Disadvantages: all other things being equal (they aren't) rolling resistance should be higher. Punctures are a bit of a nightmare. Puncture in the rain, or for the second time in a day, and you are stuffed. Sticking them on the rim with tub glue is a nasty job.
To see an advantage over wired-on tyres you have to buy decent tubs (£50+) and stick them on. The flipside of this is that they will need repairing if they puncture as the price means they're not disposable unless really worn out. Repairs are about £15 plus postage.
They are great on the track where punctures are almost unheard of. I have one set of tub wheels for this purpose.
Generally you rely on the tackiness of the existing glue when fixing a puncture on the road and don't carry any glue with you (the spare tyre should be a used one, with residual glue on it). The pressure also helps keep the tyre on to some extent but you have to be cautious when braking hard or cornering.

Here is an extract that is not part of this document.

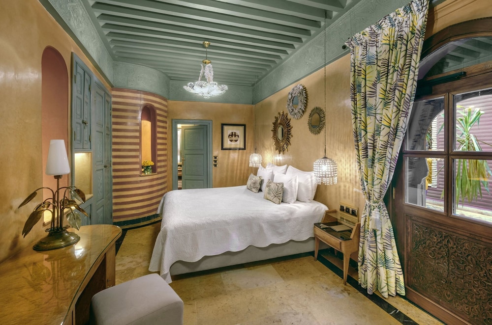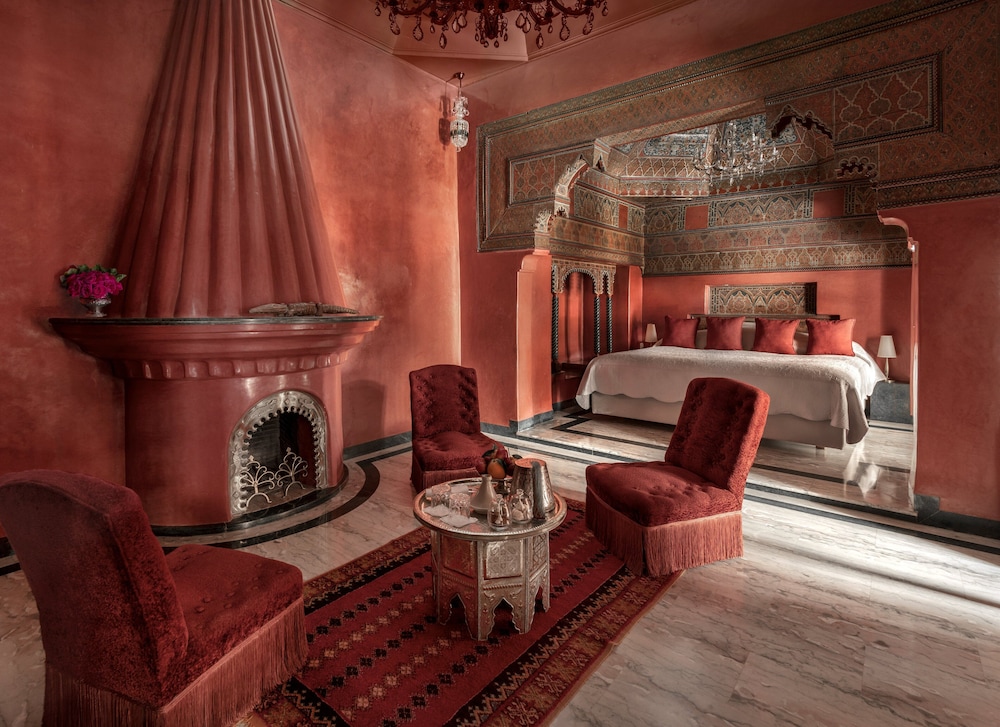 Facilities and services include wireless Internet access, 24 hour reception, swimming pool, restaurant, bar, solarium, sauna, Turkish bath, library, elevator, gym, spa treatments (extra charge) and meeting room.Rooms feature wireless Internet access, air conditioning, T,V. telephone, fridge, safe, hairdryer and bathroom.Suites also feature with private balcony/terrace.Address: 403 Rue de la Kasbah, 40000 Marrakech, Morocco.
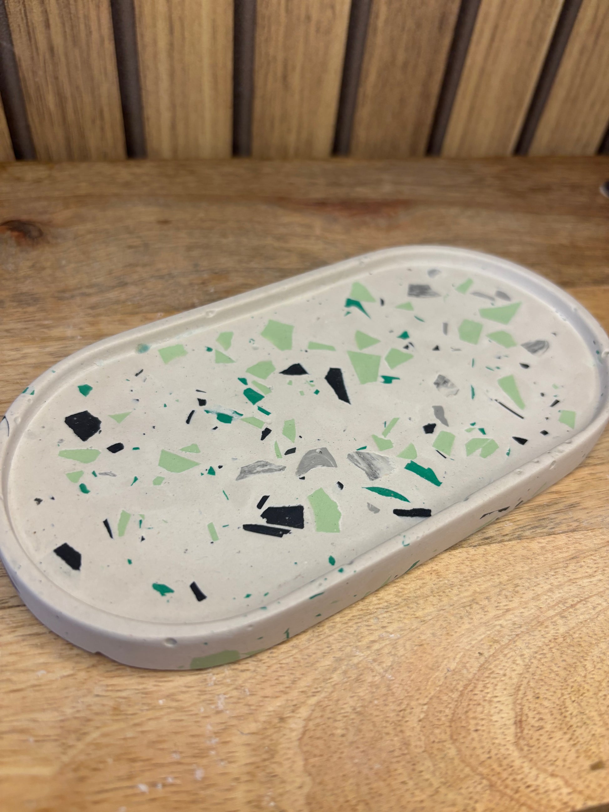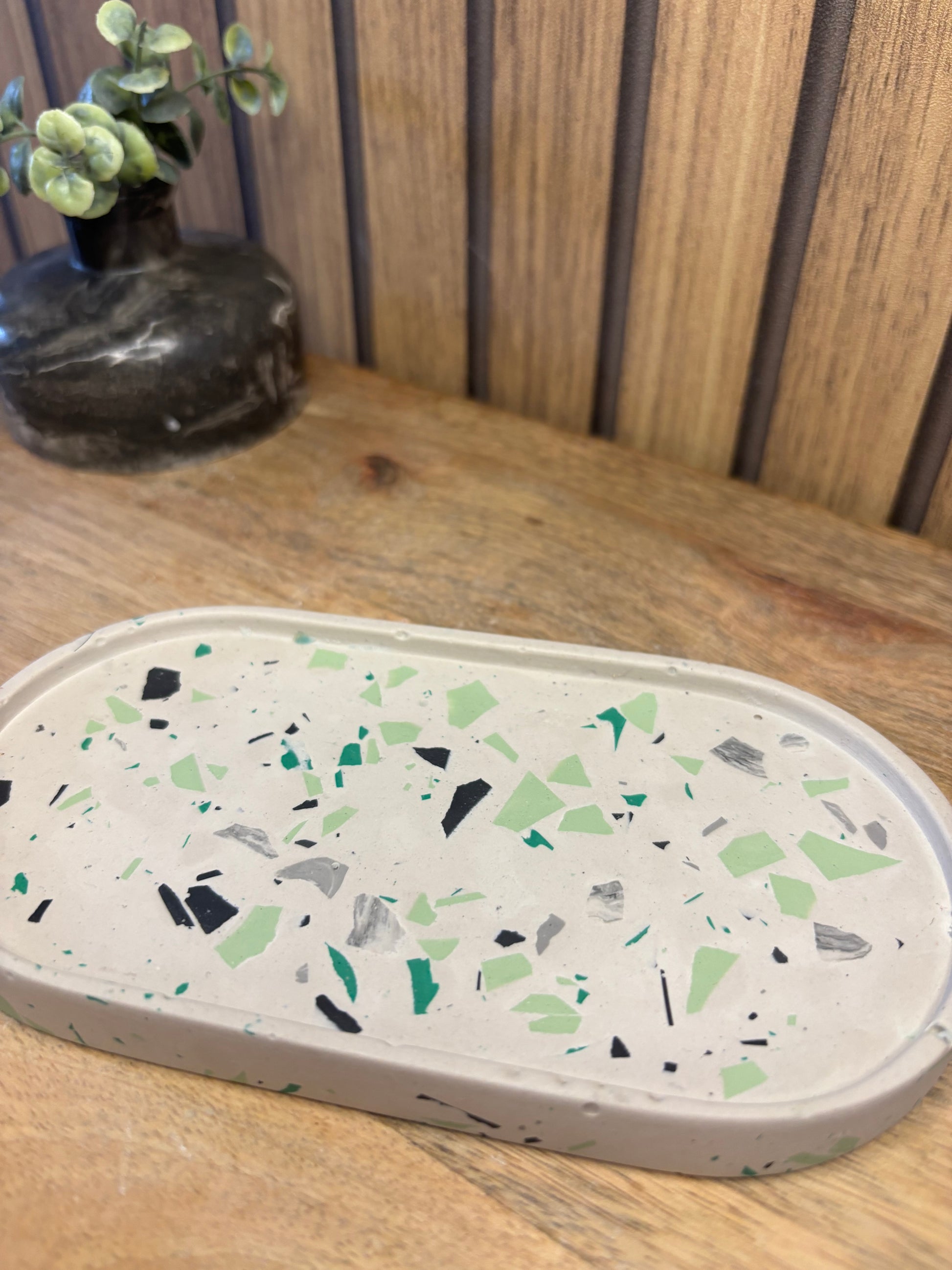 Cet élégant vide poche ovale effet Terrazzo est un plateau fabriqué à la main.

Then, when you get home, you add some fresh glue and do it properly.
I used to carry a needle, wax thread, a razor blade and a thimble as a back stop in case I had more punctures than spare tubs and on more then one occasion, repaired a tub at the roadside.It never used to bother me to repair them. I used to do them for friends and club members quite happily. I learnt to sew at school, not knowing how useful it would later be for mending punctures. In those days, we didn't call them 'wheels' but 'sprints'.
They are lighter, they do tend to roll better. However, if you get a significant cut or hole on a ride, nothing will help, except an inner tube ( which will normally go in without too much argument, and renders the tubeless set up pointless ) but it’s a messy nightmare involving removing the tubeless valve, and putting the inner tube in. You’ll end up looking like you’ve been to a dodgy party before you get going again.Firstly an apology to everyone who has replied. I was reading the book that came with the wheels and must have turned two pages and gone straight from the clincher set up to three pages of "glue related exercise"
The wheels are in fact tubeless ready ( the supplied tubeless tape and valves should have been the giveaway to me and the fact they are called TLR!!!
I presume the book just covers many wheels.
So after wasting all your precious time on Tubs, is there any performance advantage to tubeless?
See what YOU think...Thanks RR, am I right in thinking if it is just a small prick (pun intended) the sealant sorts that?